“Quem não é capaz de sonhar com a história diante dos documentos não é historiador.” F. Braudel

“Quem não é capaz de sonhar com a história diante dos documentos não é historiador.” F. Braudel
Villa Borghese, Roma, Itália.

'Admirável' Promiscuidade

sexta-feira, 20 de janeiro de 2023

 

Admirável Mundo Novo é uma obra classificada como "distopia". O autor, Aldous Huxley (1894-1963), lançou-a em 1932 e, no prefácio de 1946, reconheceu: "... a promiscuidade sexual de Admirável Mundo Novo não parece tão distante. Já existem cidades norte-americanas em que o número de divórcios é igual ao de casamentos. Dentro de poucos anos, sem dúvida, licenças para casamento serão vendidas como as licenças para a posse de cães, válidas por um período de doze meses, sem nenhuma lei que proíba a troca de cães ou a posse de mais de um cão de cada vez. À medida que diminui a liberdade política e econômica, a liberdade sexual tende a aumentar como compensação. E o ditador (a não ser que precise de massa de manobra e de famílias para colonizar territórios despovoados ou conquistados) agirá prudentemente estimulando essa liberdade." (p. 17)

Promiscuidade. Vazio existencial. Controle de massas. Eis o nosso mundo, nu e cru. Nesse sentido, separei um trecho do romance bem revelador da nossa triste realidade distópica. Resta saber se os portadores de boas novas, os únicos que realmente têm algo a oferecer àqueles que sofrem com a falta de sentido na vida, estarão à altura de sua elevada missão. 

*** 

Lenina meneou a cabeça.

- Não sei por que - disse, pensativa -, mas já faz algum tempo que não me sinto muito inclinada à promiscuidade. Há ocasiões em que isso acontece. Você nunca sentiu a mesma coisa, Fanny?

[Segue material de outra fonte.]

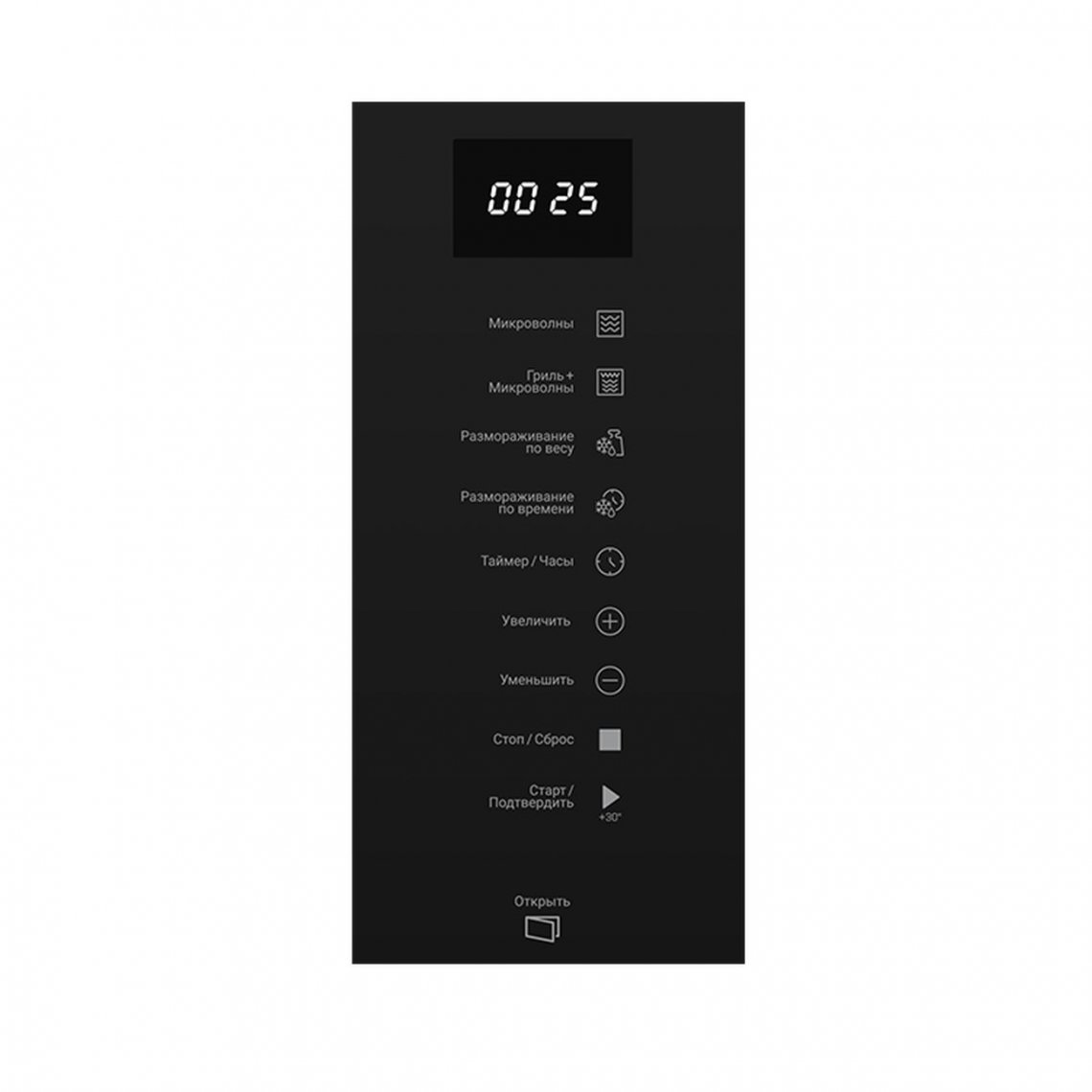 Общие: Гриль: Есть: Тип управления: Электронный: Открывание дверцы: Электронное: Направление открытия дверцы: Налево: Камера: Объем: 25 л: Диаметр поворотного стола: 24.5 см: Подсветка: Есть: Функции: Автоматическое приготовление: Есть: Количество программ автоматического приготовления: 8: Автоматическое размораживание: Есть: Количество программ автоматического размораживания: 2: Звуковой сигнал окончания работы: Есть: Кнопка "30 сек": Есть: Кнопка "Меньше/Больше": Есть: Таймер: Есть: Дисплей: Часы: Есть: Отображение времени до конца: Есть: Отображение режимов работы: Есть: Цвет светящихся символов: Белый: Мощность: Мощность микроволн: 900 Вт: Количество уровней мощности: 5: Мощность гриля: 1000 Вт: Мощность потребляемая: 1450 Вт: Безопасность: Защита от детей: Есть: Комплектация: Решетка для гриля: Есть: Габариты и вес: Высота: 38 см: Ширина: 59.4 см: Глубина: 40.3 см: Высота ниши: 38 см: Ширина ниши: 56-60 см: Глубина ниши: 55 см: Вес: 17.83 кг: Цвет: Черный;

A outra inclinou a cabeça num gesto de simpatia e compreensão.

- Mas é preciso fazer o esforço necessário - disse em tom sentencioso. - É preciso portar-se convenientemente. Afinal, cada um pertence a todos.

- Sim, cada um pertence a todos - Lenina repetiu lentamente a fórmula e, suspirando, calou-se um momento; depois, tomando a mão de Fanny e apertando-a de leve:

- Você tem razão, Fanny. Como sempre. Farei o esforço necessário.

HUXLEY, Aldous. Admirável Mundo Novo. Tradução de Vidal de Oliveira. São Paulo: Globo, 2014, p. 65.